Trust is hard to build with a tough message. It’s helpful to remember that trust starts with you: in order to increase trust you have to first trust the other person. If you want to be able to trust others, then you need to also project trustworthiness. In many ways, you get the trust you expect.
While obfuscating or avoidance can seem like more palatable options to get through the day, opting to be straightforward and direct will reflect better on you in the long run. Having the conversations that need to be had is part of effective leadership. It erodes trust for entire teams when leaders don’t exhibit the courage to tackle the hard issues.

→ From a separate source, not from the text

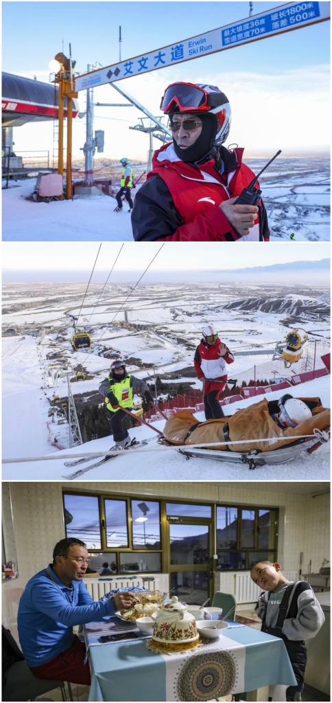 Combo photo shows Talhat Satayr patrols at Silkroad Resort on Jan. 10, 2022 (top), Talhat Satayr talks to an "injured skier" during a drill at Silkroad Resort on Jan. 11, 2022 (middle), and Talhat Satayr (L) has breakfast with his son at home on Jan. 11, 2022 in Urumqi, northwest China's Xinjiang Uygur Autonomous Region. Talhat Satayr, 45, is the captain of the ski patrol team, which provides rescue services for tourists in need, at Silkroad Resort in Urumqi of Xinjiang. (Xinhua/Hu Huhu)

Consider these three conversations leaders frequently have, and how to tackle them from a trust-building perspective. Difficult situations put attention on the relationship that carries the message. It’s an opportunity to come from a place of our core values.
“You’re not performing.”
Performance related conversations are typical for managers, and rarely fun. The bigger the issue the tougher the talk generally, but personalities, rapport and history play large roles as well. To preserve trust, it’s critical to discuss the performance issue with as much candor as possible. While it feels more comfortable to soft-peddle the information, don’t. Be specific about what exactly needs to improve, so the employee doesn’t have to read between the lines. Also, ensure that it’s not a one-way conversation: ask for the employee’s perspective, so you understand the complete picture and the person feels heard.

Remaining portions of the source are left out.